◆ **The task**: An accurate, complete copy of the records below is required.

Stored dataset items
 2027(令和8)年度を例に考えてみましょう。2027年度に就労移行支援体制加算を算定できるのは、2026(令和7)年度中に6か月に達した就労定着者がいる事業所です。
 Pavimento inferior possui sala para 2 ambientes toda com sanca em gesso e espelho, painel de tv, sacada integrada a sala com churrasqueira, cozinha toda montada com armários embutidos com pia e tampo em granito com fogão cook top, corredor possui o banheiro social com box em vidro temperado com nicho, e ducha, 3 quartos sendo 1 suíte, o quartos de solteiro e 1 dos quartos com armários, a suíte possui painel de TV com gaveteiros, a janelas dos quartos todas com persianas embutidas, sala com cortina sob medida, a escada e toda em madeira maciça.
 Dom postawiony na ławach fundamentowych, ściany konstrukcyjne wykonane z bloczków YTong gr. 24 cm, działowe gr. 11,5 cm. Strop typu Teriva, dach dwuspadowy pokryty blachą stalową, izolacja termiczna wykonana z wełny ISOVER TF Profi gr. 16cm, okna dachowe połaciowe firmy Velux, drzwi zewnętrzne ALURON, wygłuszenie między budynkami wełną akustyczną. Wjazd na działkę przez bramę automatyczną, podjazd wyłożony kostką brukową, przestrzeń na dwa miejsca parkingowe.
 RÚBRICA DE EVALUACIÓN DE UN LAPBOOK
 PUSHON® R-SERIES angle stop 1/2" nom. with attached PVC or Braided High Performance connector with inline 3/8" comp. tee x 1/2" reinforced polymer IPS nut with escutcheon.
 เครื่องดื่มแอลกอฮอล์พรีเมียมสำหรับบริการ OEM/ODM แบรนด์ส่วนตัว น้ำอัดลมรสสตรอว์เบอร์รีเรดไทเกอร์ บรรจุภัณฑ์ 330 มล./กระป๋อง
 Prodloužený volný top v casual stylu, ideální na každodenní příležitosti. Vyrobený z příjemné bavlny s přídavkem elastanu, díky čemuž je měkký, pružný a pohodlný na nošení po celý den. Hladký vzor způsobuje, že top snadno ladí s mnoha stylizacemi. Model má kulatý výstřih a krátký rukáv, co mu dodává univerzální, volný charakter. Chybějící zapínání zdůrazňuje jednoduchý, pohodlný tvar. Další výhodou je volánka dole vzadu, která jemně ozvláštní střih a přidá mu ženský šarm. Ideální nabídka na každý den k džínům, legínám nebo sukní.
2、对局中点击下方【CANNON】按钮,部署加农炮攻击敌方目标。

◆ **Solution to this task**:
 2027(令和8)年度を例に考えてみましょう。2027年度に就労移行支援体制加算を算定できるのは、2026(令和7)年度中に6か月に達した就労定着者がいる事業所です。
 Pavimento inferior possui sala para 2 ambientes toda com sanca em gesso e espelho, painel de tv, sacada integrada a sala com churrasqueira, cozinha toda montada com armários embutidos com pia e tampo em granito com fogão cook top, corredor possui o banheiro social com box em vidro temperado com nicho, e ducha, 3 quartos sendo 1 suíte, o quartos de solteiro e 1 dos quartos com armários, a suíte possui painel de TV com gaveteiros, a janelas dos quartos todas com persianas embutidas, sala com cortina sob medida, a escada e toda em madeira maciça.
 Dom postawiony na ławach fundamentowych, ściany konstrukcyjne wykonane z bloczków YTong gr. 24 cm, działowe gr. 11,5 cm. Strop typu Teriva, dach dwuspadowy pokryty blachą stalową, izolacja termiczna wykonana z wełny ISOVER TF Profi gr. 16cm, okna dachowe połaciowe firmy Velux, drzwi zewnętrzne ALURON, wygłuszenie między budynkami wełną akustyczną. Wjazd na działkę przez bramę automatyczną, podjazd wyłożony kostką brukową, przestrzeń na dwa miejsca parkingowe.
 RÚBRICA DE EVALUACIÓN DE UN LAPBOOK
 PUSHON® R-SERIES angle stop 1/2" nom. with attached PVC or Braided High Performance connector with inline 3/8" comp. tee x 1/2" reinforced polymer IPS nut with escutcheon.
 เครื่องดื่มแอลกอฮอล์พรีเมียมสำหรับบริการ OEM/ODM แบรนด์ส่วนตัว น้ำอัดลมรสสตรอว์เบอร์รีเรดไทเกอร์ บรรจุภัณฑ์ 330 มล./กระป๋อง
 Prodloužený volný top v casual stylu, ideální na každodenní příležitosti. Vyrobený z příjemné bavlny s přídavkem elastanu, díky čemuž je měkký, pružný a pohodlný na nošení po celý den. Hladký vzor způsobuje, že top snadno ladí s mnoha stylizacemi. Model má kulatý výstřih a krátký rukáv, co mu dodává univerzální, volný charakter. Chybějící zapínání zdůrazňuje jednoduchý, pohodlný tvar. Další výhodou je volánka dole vzadu, která jemně ozvláštní střih a přidá mu ženský šarm. Ideální nabídka na každý den k džínům, legínám nebo sukní.
2、对局中点击下方【CANNON】按钮,部署加农炮攻击敌方目标。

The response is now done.